What is the anomaly in price support?

  • The Cabinet Committee on Economic Affairs approves the Fair and Remunerative price (FRP) for sugarcane.
  • FRP is the minimum price that the sugar mills have to pay to farmers.
  • FRP does protect the farmers by deciding the price of sugarcane.
  • But on the other hand, sugar prices are determined by market sentiments and market forces, causing unfavourable effects.

How does it impact?

  • Farmers - The high FRP of sugarcane results in over-production of cane and ultimately surplus sugar.
  • This could, in turn, cause sugar prices to fall below cost levels.
  • The resultant burden of the loss falls on the sugar mills.
  • This eventually leads to delays or defaults in making payments to the farmers.
  • Export - Too high a price for cane makes Indian sugar uncompetitive globally.
  • E.g. Indian cane prices are 70-80% higher than that in Brazil.
  • Thus, exporting the surplus from India too becomes harder.

What is desired?

  • The government’s protection with a remunerative cane price and assured buyer is unquestionable.
  • However, the anomalies call for rationalisation of the cane-pricing policies in tune with global practices.
  • This is especially to facilitate Indian sugar industry to export the surplus favourably.
  • The governments (including states) should take roles beyond cane-price fixing.
  • The government will have to offer interest-free loans, subsidies and incentives, etc for production.
  • Special efforts would also be needed to dispose off the surplus sugar.
  • This is essential to keep sugar prices at adequate levels and ensure cane-price payments on time.
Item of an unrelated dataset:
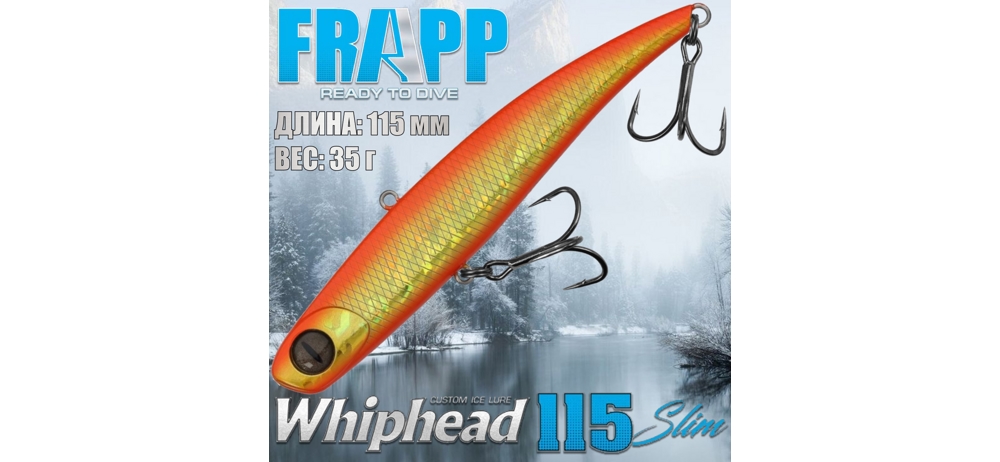«Младший» из «Слимов» — Whiphead 115 Slim — будет хорошим дополнением к серьезным моделям Whiphead 130 Slim и Whiphead 145 Slim, когда для соблазнения «зависшего» у лунки хищника требуется точно такая же приманка, но отличная по размеру и мощности игры.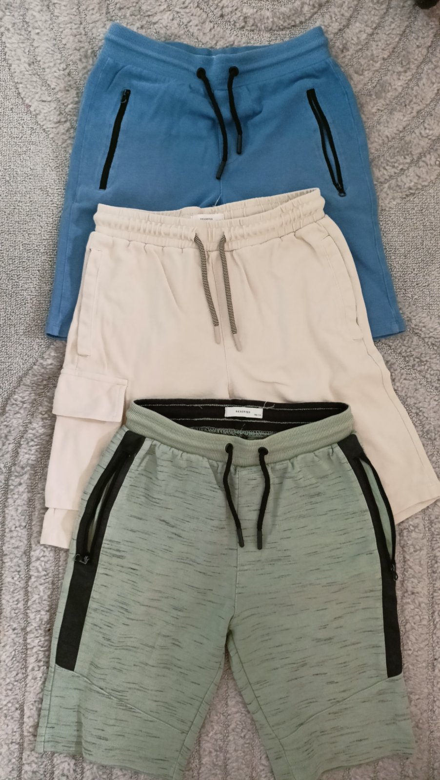 3 kraťasy s vreckami bez chýb.

What are the recommendations of the CACP?

  • Some of the suggestions made by the Commission for Agricultural Costs and Prices (CACP) in this regard include the following:
  • Farmers should be guaranteed a minimum cane price at the level of FRP.
  • In addition, the liability of sugar mills will be restricted as per a revenue sharing formula (RSF).
  • Accordingly, 75% of revenue realised from sugar will be the cane price payable by mills.
  • If the cane-price, as per RSF, is more than FRP, the farmers get a second instalment over and above the FRP.
  • When sugar prices are depressed, the price as per RSF may work out to below FRP.
  • The gap would then be paid directly to the farmers from a fund created by the government (government is yet to approve it).
  • Benefits - The sugar mills will pay farmers as per their revenue realisation and pay on time.
  • Farmers get cane price at least at the level of FRP, or more with better sugar prices, instead of the current system of giving farmers only FRP.
  • It will also keep cost of production reasonable, ensuring that Indian sugar is competitive globally to allow exporting the surplus.